Thanks for the welcome....I 'm sure your right. I'm a bit nervous towing such a long trailer...esp. getting into some stations for diesel....But I'm sure it will be worth it!!!


----------



## sleecjr (Mar 24, 2006)

Lt3diesel said:


> Thanks for the welcome....I 'm sure your right. I'm a bit nervous towing such a long trailer...esp. getting into some stations for diesel....But I'm sure it will be worth it!!!


Welcome to outbackers. Congrats on the camper.
Try to stop at truck stops. Its easy to fill up and very fast!


----------



## gator_back (Feb 7, 2007)

Welcome- we are new here too. Been great to view all the advice. Don't know where you are headed, but Skidaway Island State Park is beautiful. Have a great trip.


----------



## 4ME (Sep 11, 2006)

Welcome! and Congradulations!


----------



## Camper Man (Jan 12, 2006)

Wow - from a pop-up to the King-of-the-Road Sydney ! Congratulations on your purchase and hope you can join for an Outbacker rally soon. Plan on giving some tours of that Sydney.


----------



## Lt3diesel (Mar 4, 2007)

Thanks everyone for the warm welcome....Are there any common highway signs to let you know which exits have truck stops??? I was thinking of using truck stops as well, but was wondering if they are well marked? Yeah, it is a big move from a pop-up to the Sydney, but we bought the diesel last year knowing we were going to buy a bigger RV. We figured if we're going to spend the money we might as well get something we can grow in. I also work out of town alot and I can use this for work rather than staying in a hotel for weeks at a time. Skidaway Island is great and that is where we're headed.
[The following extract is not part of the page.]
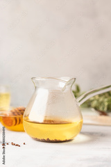 Buckwheat tea and granules with honey, light grey background. Healthy buckwheat tea, Ku Qiao seeds. Healthy food.
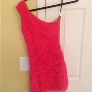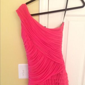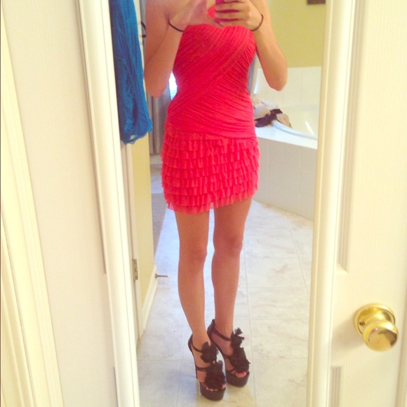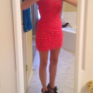 Fun and flirtatious! Bebe dress worn once..great for parties or a night out with the girls! Ruching on the top defines natural waist while layered bottom swishes flirtatiously :) pleas don't hesitate to ask questions! Shoes listed separately but will bundle for discount!

We were there for the first time 4 weeks ago and decided to go back and break in the new trailer...thanks again for the warm welcome.


----------



## 3LEES (Feb 18, 2006)

Welcome Lt3diesel to the best forum on the web!

And congrats on the 32BHDS! That's a great model.

Since you already have camped in a pop-up, you should know the basics. As for towing, if you don't already have a good WD hitch and brake controller, you need to get them BEFORE you tow! Make sure you have good chocks for the trailer. Torque the lug nuts often during the first couple hundred miles.

Then you should tow it around in your area. Familiarize yourself with how it handles. Look for something called "tail wag". During relatively tight turns, the tail of you trailer can "wag" into obsticles that you might think you will miss.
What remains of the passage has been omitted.